## DATA PROVIDED

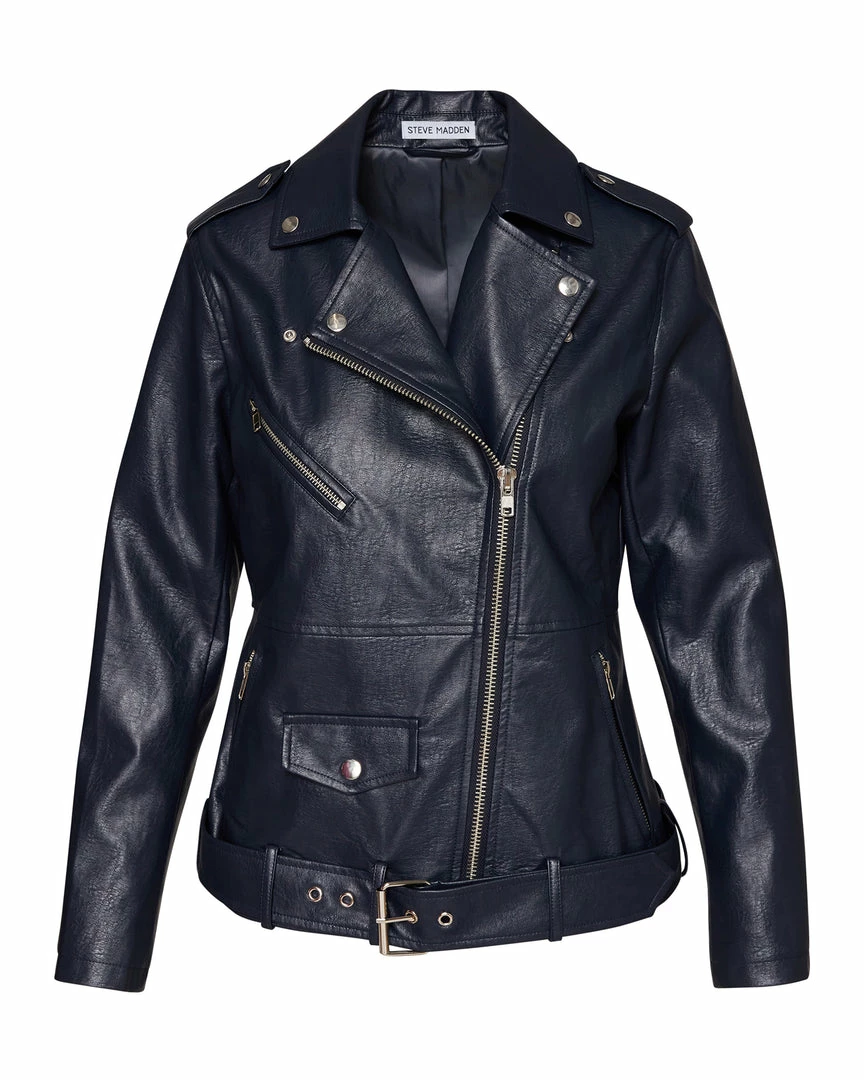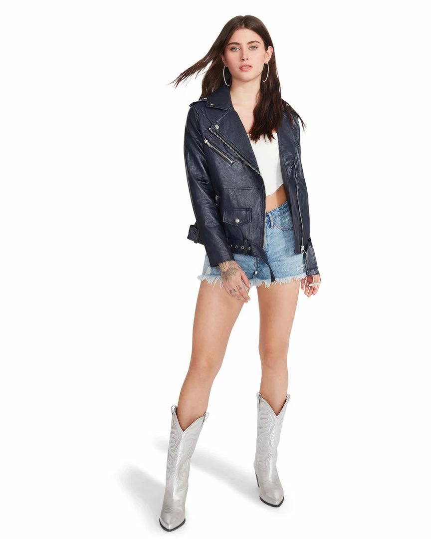 Give some serious attitude in our vegan leather jacket. This moto jacket is a classic staple, perfect for wearing with any fit.
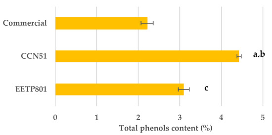 Total phenols content measured by the Folin–Ciocalteu method. (a) CCN51 vs. commercial (p < 0.01); (b) CCN51 vs. EETP801 (p < 0.01); (c) EETP801 vs. commercial (p < 0.01) according to Tukey HSD.
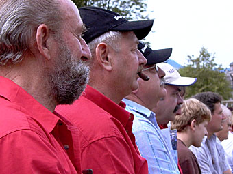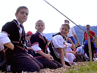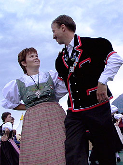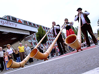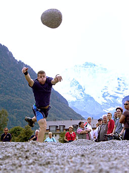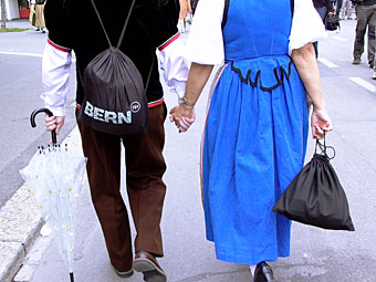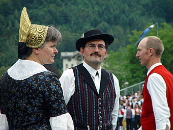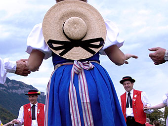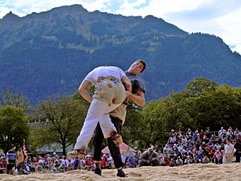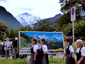 2006年在因特拉肯举办的传统服装和阿尔卑斯牧人节在三天内为年轻人和老年人、城市和乡村提供了一个交接点。强壮的男人较量摔跤和投石技艺;来自全瑞士的约德尔团体展示他们的歌唱和舞蹈才艺。(Bilder: Christoph Balsiger, swissinfo)

## PROBLEM STATEMENT
Copy every line above exactly, leaving no picture in the copy.

## TASK RESPONSE
 Give some serious attitude in our vegan leather jacket. This moto jacket is a classic staple, perfect for wearing with any fit.
 Total phenols content measured by the Folin–Ciocalteu method. (a) CCN51 vs. commercial (p < 0.01); (b) CCN51 vs. EETP801 (p < 0.01); (c) EETP801 vs. commercial (p < 0.01) according to Tukey HSD.
 2006年在因特拉肯举办的传统服装和阿尔卑斯牧人节在三天内为年轻人和老年人、城市和乡村提供了一个交接点。强壮的男人较量摔跤和投石技艺;来自全瑞士的约德尔团体展示他们的歌唱和舞蹈才艺。(Bilder: Christoph Balsiger, swissinfo)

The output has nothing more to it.